THE PRAYER OF FAITH

prayer-of-faith

Friends, this is instructional for praying this type of prayer:

The prayer of faith, also known as a petition prayer, is the prayer that most people think of when they use the term "prayer." Petition prayer is between you and God. It is you asking God for a particular outcome, for something or someone.

The key verse for the prayer of faith is Mark 11:24, in which Jesus says, "Therefore I say to you, whatever things you ask when you pray, believe that you receive them, and you will have them."

The rule to consider here is when you pray, not after you pray, not when you feel something, not when you see something. When you pray (the moment that you pray) you must believe that you receive what you asked for.

Hebrews 11:1 says, "Now faith is the substance of things hoped for, the evidence of things not seen." Your faith is substance, it is something real, something tangible. It is evidence of things you cannot see.

Notice that Mark 11:24 does not say when you will actually see the result of your prayer. It does not tell you how long it will take for that prayer result to appear, and this is where many Christians get hung up.

God lives in one eternal now.

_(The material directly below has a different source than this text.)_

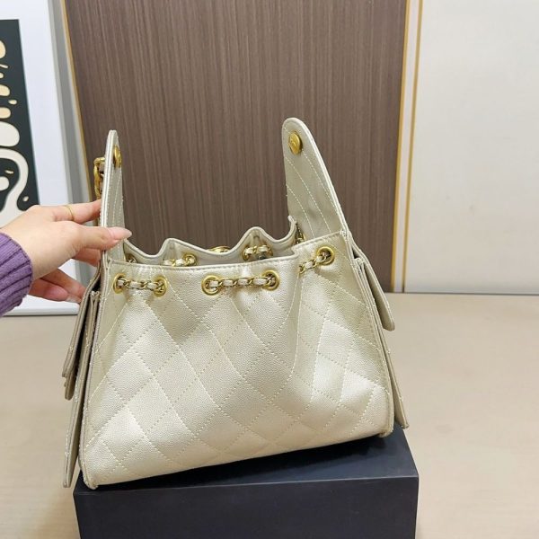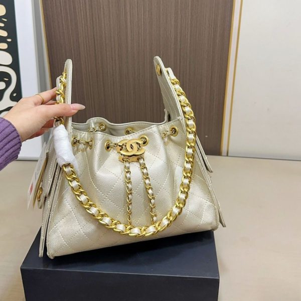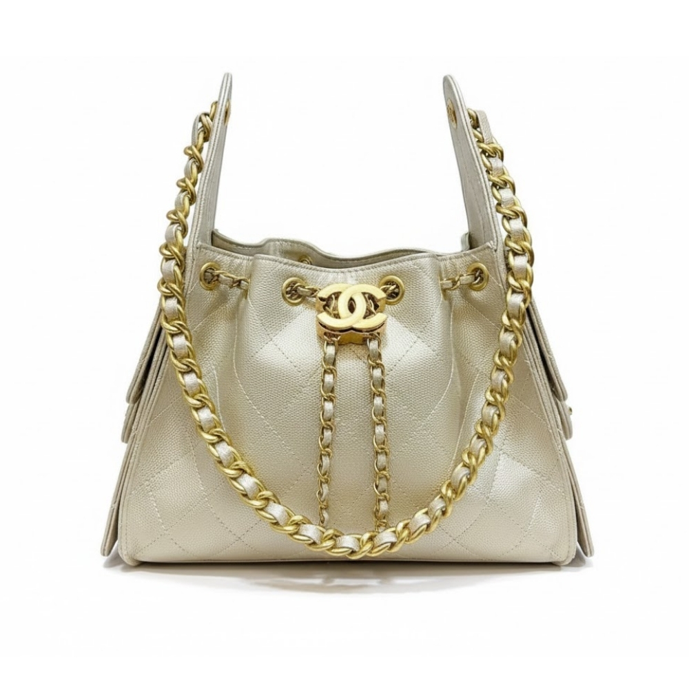 Crafted from Light Yellow quilted leather, this bag from Chanel exudes elegance and sophistication. It features the signature “CC” logo turn-lock clasp on the front, complemented by a gold-tone metal chain strap interwoven with white leather, creating a perfect balance of modernity and classic charm. The combination of the gold chain and luxurious cream leather makes this bag an ideal choice for those seeking a minimalist yet captivating design.

There is no past or present for Him. But we are temporal beings who live in the context of time.

When you pray in faith, God immediately gives you what you prayed for—in the spirit realm. But in the natural world, due to a number of factors, it may take time for the answer to manifest itself.

God answers prayers, and He will answer your specific prayer in line with His Word, but it is your faith that brings that answer out of the spiritual world and into the physical world. How many times in Scripture does Jesus say to someone, "According to your faith"?

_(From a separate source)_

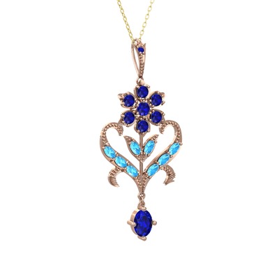 Lab safir ve akuamarin 8 ayar rose altın kolye (40 cm gümüş rolo zincir)
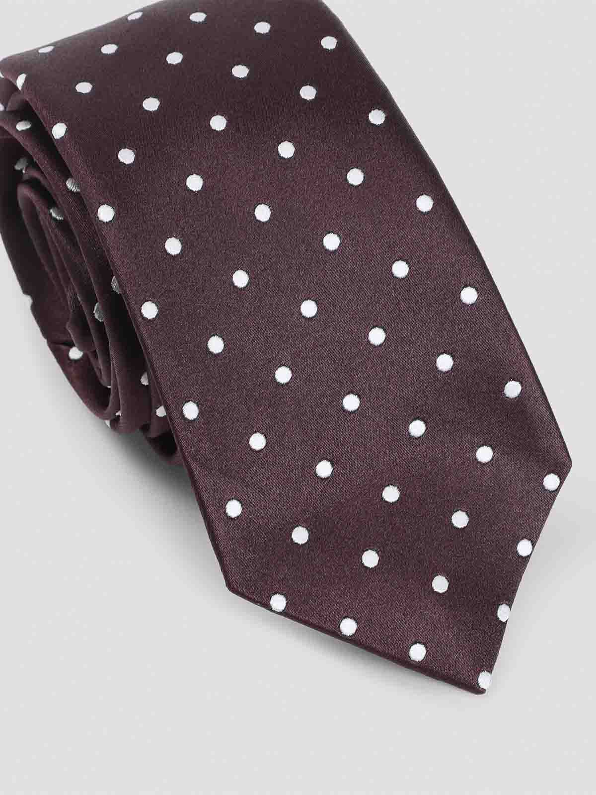 Tom ford dark burgundy red mulberry tie pure mulberry tie contrasting white polka, dot pattern all, over adjustable design

He referred to peoples' faith constantly, and even though it was His power that healed them, He always credited their faith with being the catalyst. In fact, when Jesus went to His hometown, we are told that "He did not do many mighty works there because of their unbelief" (Matt. 13:58).

Did Jesus suddenly lose His power on that visit to Nazareth? No!

His power never changed. What changed? It was the people's level of faith mixed with His power.

There is a simple spiritual explanation for this. God will not do something against your will. God cannot violate free will. If you don't have faith to do something, He won't arbitrarily override your lack of faith.